I am wondering what the fastest algorithm would be for this. I have 8 integers between 0 and 3000 and I need to sort them. Although there are only 8 integers, this operation will be performed millions of times.
Here is an implementation of an odd-even merge sort network in C99 (sorry for the "wrong" language):
#define CMP_SWAP(i, j) if (a[i] > a[j]) \
{ int tmp = a[i]; a[i] = a[j]; a[j] = tmp; }
void sort8_network(int *a)
{
CMP_SWAP(0, 1); CMP_SWAP(2, 3); CMP_SWAP(4, 5); CMP_SWAP(6, 7);
CMP_SWAP(0, 2); CMP_SWAP(1, 3); CMP_SWAP(4, 6); CMP_SWAP(5, 7);
CMP_SWAP(1, 2); CMP_SWAP(5, 6); CMP_SWAP(0, 4); CMP_SWAP(1, 5);
CMP_SWAP(2, 6); CMP_SWAP(3, 7); CMP_SWAP(2, 4); CMP_SWAP(3, 5);
CMP_SWAP(1, 2); CMP_SWAP(3, 4); CMP_SWAP(5, 6);
}
I timed it on my machine against insertion sort
void sort8_insertion(int *a)
{
for (int i = 1; i < 8; i++)
{
int tmp = a[i];
int j = i;
for (; j && tmp < a[j - 1]; --j)
a[j] = a[j - 1];
a[j] = tmp;
}
}
For about 10 million sorts (exactly 250 times all the 40320 possible permutations), the sort network took 0.39 seconds while insertion sort took 0.88 seconds. Seems to me both are fast enough. (The figures inlcude about 0.04 seconds for generating the permutations.)
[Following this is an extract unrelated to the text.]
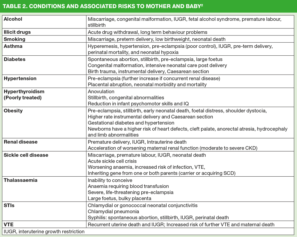 Women who have longer-term illnesses and chronic disease may be at greater risk of problems in pregnancy and additionally the health of the developing infant may be significantly compromised (Table 2). Specialist intervention is necessary to manage many of these higher-risk women in the preconceptual phase to ensure optimum health and safe medicine management. The list is not exhaustive, but the following have specific implications pre-conceptually of which practice nurses need to be aware.

The fastest would be to simply write a lot of if
statements to compare them to determine their exact order. That will remove the overhead that any sorting algoritm has.
For only 8 integers and given that the range is much greater than 8, insertion sort is probably the best. Try it to start with, and if profiling indicates that it's not the bottleneck then leave it.
(Depending on many factors, the cutoff point at which quick-sort becomes better than insertion sort is usually between 5 and 10 items).